The Waveform paintings continue the thinking of other painting series like Mandala, but use layering or extrusion like axonometric drawing to suggest vertical form. These paintings are like the early stages of architectural thinking.
Ingmar Bergman's description of the film process reminds me of the early very abstract stages of painting or architectural thinking:
"A film for me begins with something very vague—a chance remark or a bit of conversation, a hazy but agreeable event unrelated to any particular situation. It can be a few bars of music, a shaft of light across the street....These are split-second impressions that disappear as quickly as they come, yet leave behind a mood—like pleasant dreams.

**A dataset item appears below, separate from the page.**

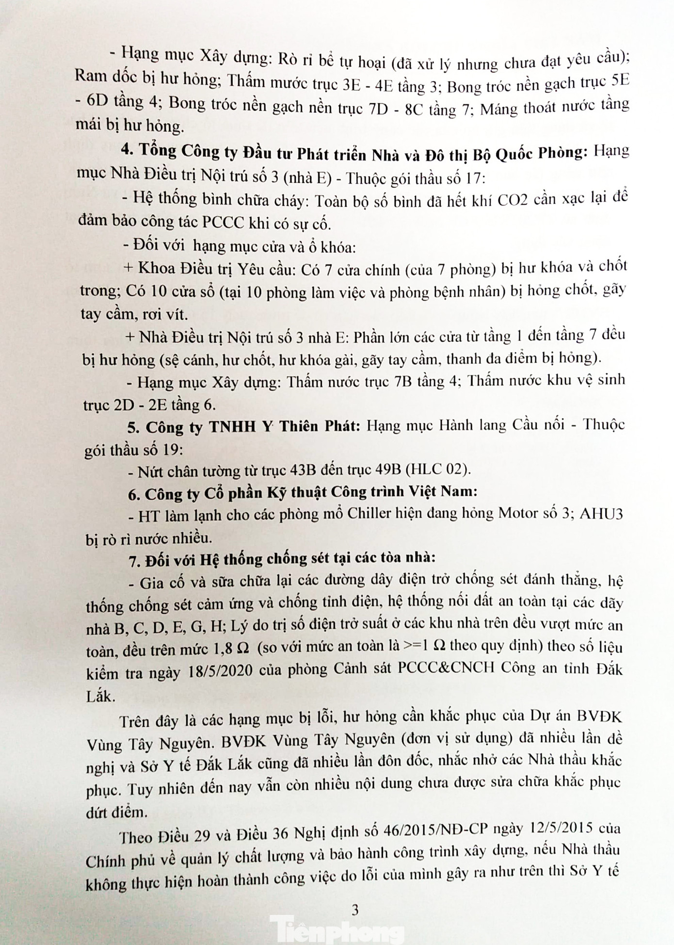 Ngày 27/5/2020, ông Nay Phila Giám đốc sở Y tế ký công văn số 1873 gửi BV Vùng và 6 nhà thầu, yêu cầu đẩy nhanh tiến độ sửa chữa, khắc phục các tồn tại của Dự án BV Vùng. Công văn liệt kê đầy lỗi xây dựng và cung ứng thiết bị.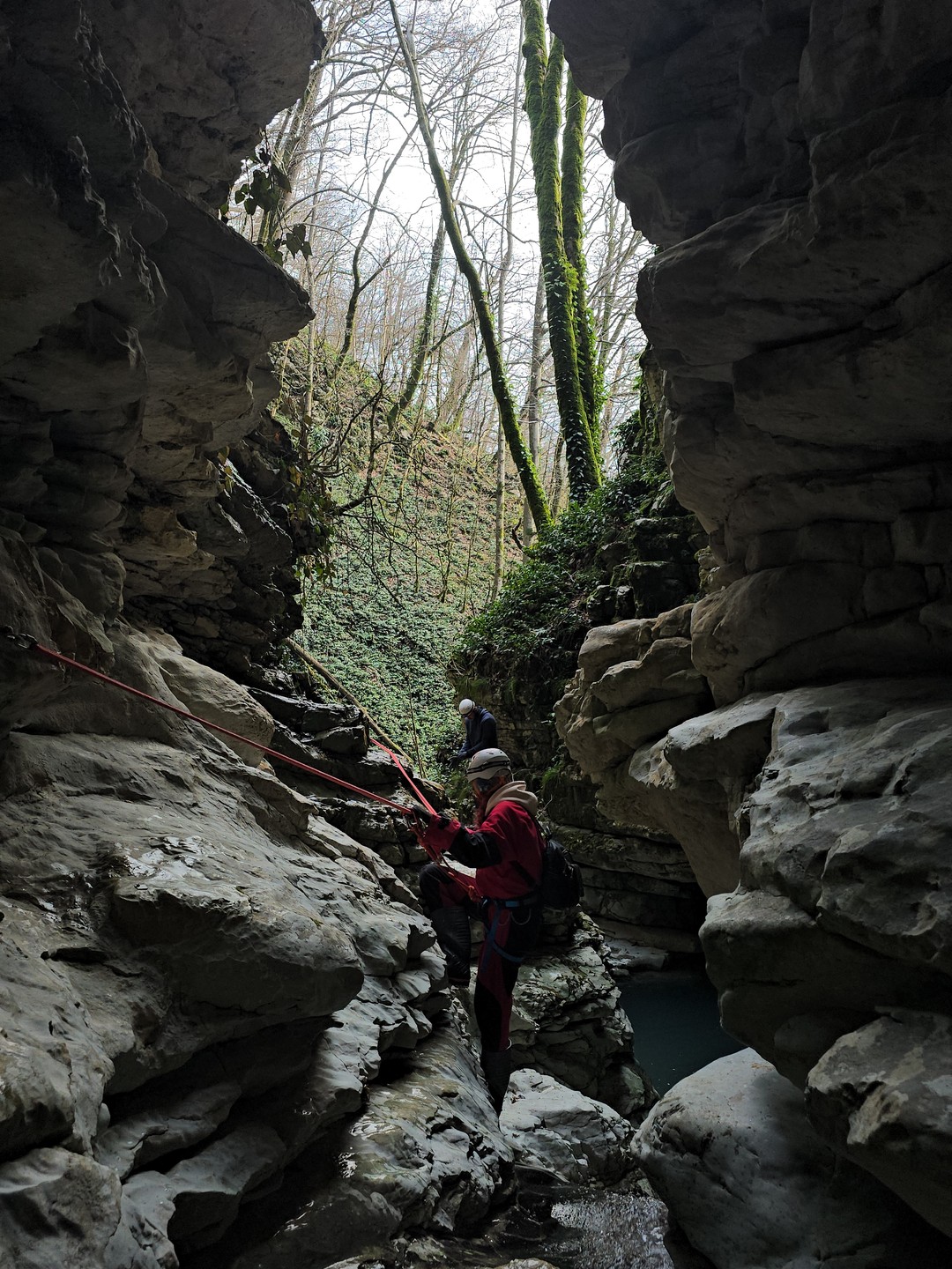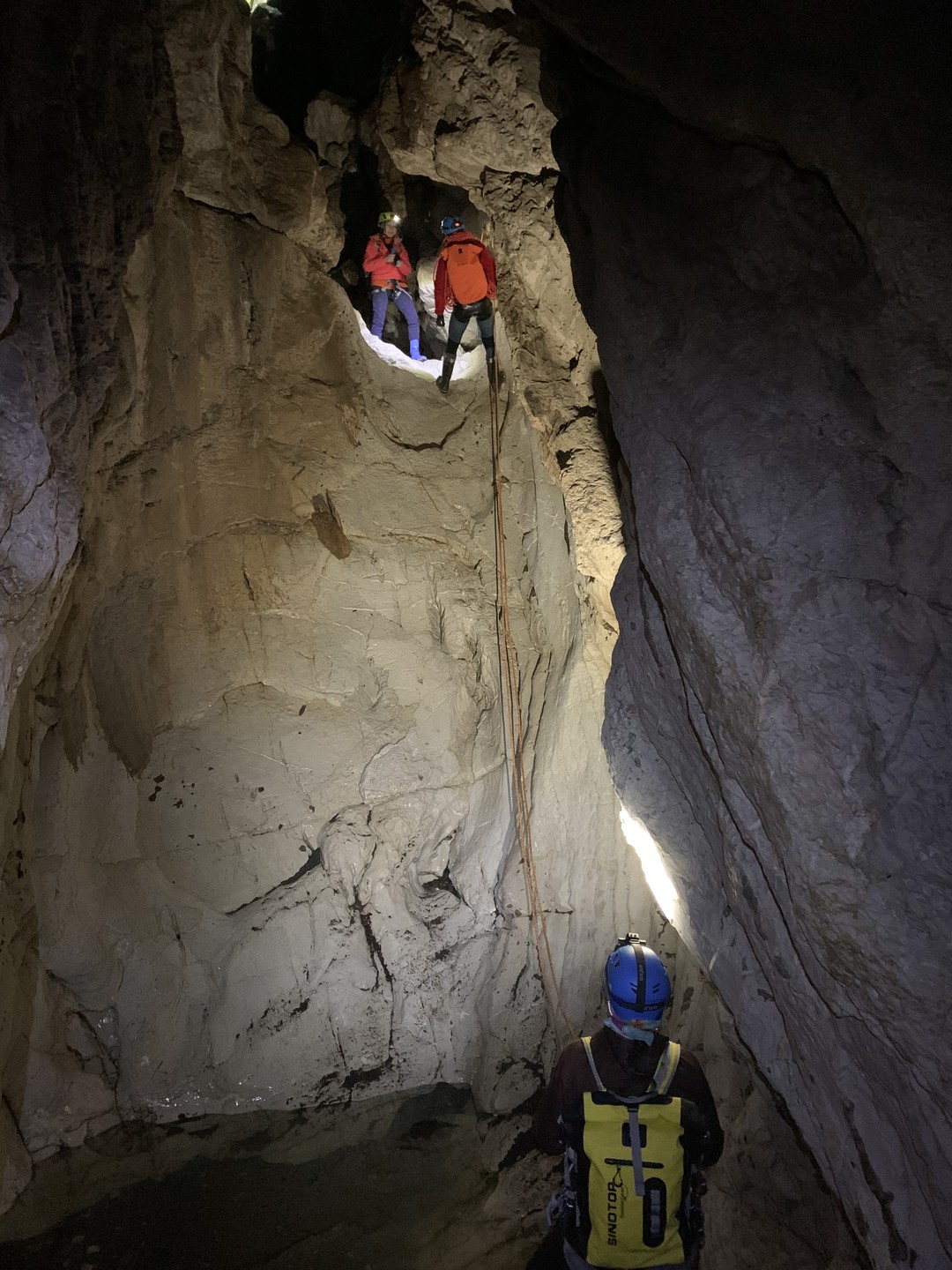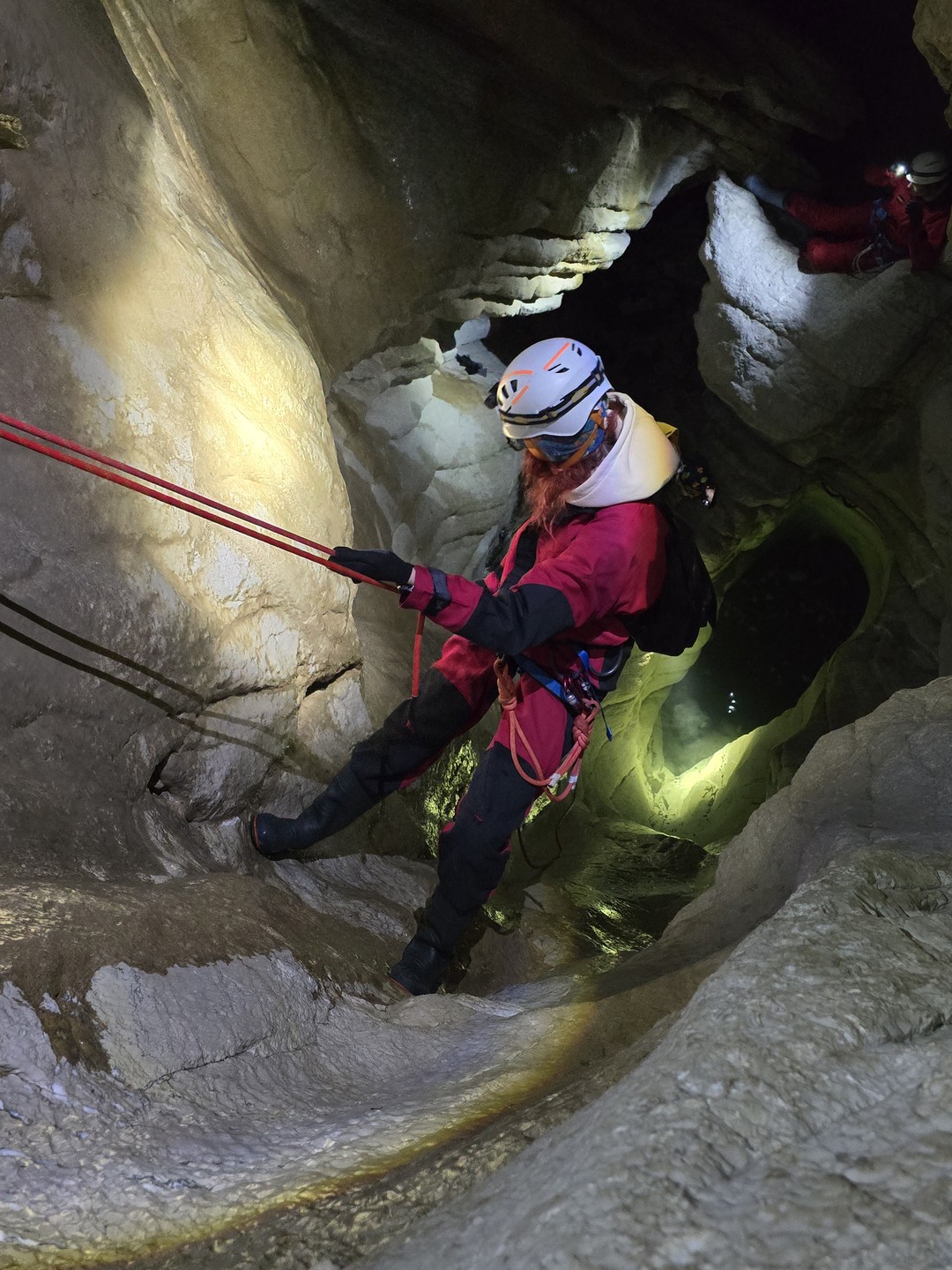- Далее нас ждут спуски на верёвках, иногда заканчивающиеся природными ванночками (их мы обойдём).

It is a mental state, not an actual story, but one abounding in fertile associations and images. Most of all, it is a brightly colored thread sticking out of the dark sack of the unconscious. If I begin to wind up this thread, and do so carefully, a complete film will emerge."
Much has been written about the similarity of film and architecture: Both are four-dimensional "time arts" that need to be experienced over time, spatially, to be understood. Many early film directors, like Fritz Lang and Sergei Eisenstein, first studied architecture. This vague mental state that Bergman describes reminds me, for example, of Alvar Aalto's vague yet pregnant initial architectural sketches, where form is first struggling to emerge from "the dark sack of the unconscious." Because they are vague, these initial sketches are pregnant with possibility.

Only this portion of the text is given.